Muffin pans are wonderful for soups too. After you ladle yourself a bowl of soup for dinner, ladle the soup into the muffin pan. You can fill each indent as much as you want--the soup won't expand like a muffin. Pop the pan in the freezer. Once the soup's frozen, place one soup muffin in each freezer bag. Voila! Instant single servings of soup. Just pull one out of the freezer and place it in the fridge the night before you want to eat it. It'll defrost perfectly. You can heat it up in the microwave or on the stove. I prefer the stove personally but either will do.

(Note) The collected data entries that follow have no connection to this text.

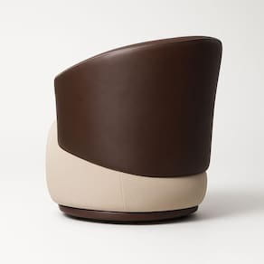 Revestida em tecido bouclê off-white, sua textura macia e levemente felpuda convida ao toque, criando uma atmosfera acolhedora. O detalhe em corino marrom acrescenta um contraste elegante, reforçando sua presença marcante em ambientes de estilo contemporâneo ou escandinavo com personalidade.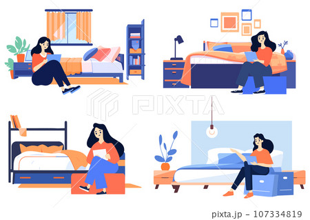 Hand Drawn A female character is reading a book in the bedroom in flat style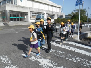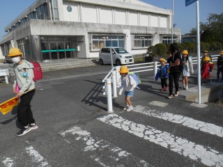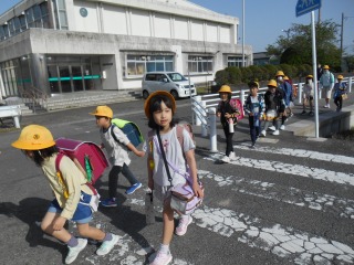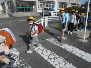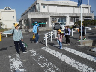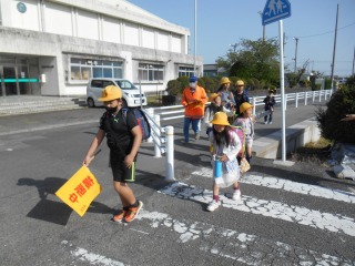 快晴です。通学班の班長さん、副班長さんがしっかりと仕事をし、横断歩道を渡してくれていました。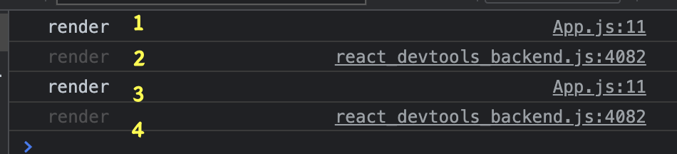 콘솔을 확인하면 render가 4 번 된 것을 알 수 있다.

I have a bit of sad news. This post was supposed to include a recipe for an heirloom fajita soup that I came up with earlier today. There were supposed to be pictures of the soup. Pictures of gorgeous heirloom tomatoes and cute little peppers. Pictures of soup bubbling away in a crock pot. But technology had other ideas and the pictures seem to have disappeared from my camera. Sooo no pictures today. But below the jump is the recipe anyways!

Heirloom fajita soup

- 2 big beautiful heirloom tomatoes (around 2 pounds worth)
-2 large bell peppers or a package of small sweet peppers
-3/4 of a rather large red onion
-4 1/4 cups of veggie stock
-2 tablespoons smoky paprika seasoning or other similarly favored seasoning
-1 tiny little can of tomato paste

I know those measurements are a bit weird but there they are.

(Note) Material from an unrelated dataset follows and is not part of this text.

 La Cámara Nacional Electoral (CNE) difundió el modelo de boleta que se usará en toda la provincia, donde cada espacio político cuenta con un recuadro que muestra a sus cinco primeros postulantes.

Put the whole thing in a slow cooker, set it on low and let it simmer for 6-8 hours. Once the skin has basically fallen off the tomatoes pour the soup into a blender. If you have an immersion blender that would work well too. Pour the soup into your muffin tin. You should have a little over a bowl left. Enjoy your tomato soup guilt free! After all it's just veggie broth and fresh produce. :)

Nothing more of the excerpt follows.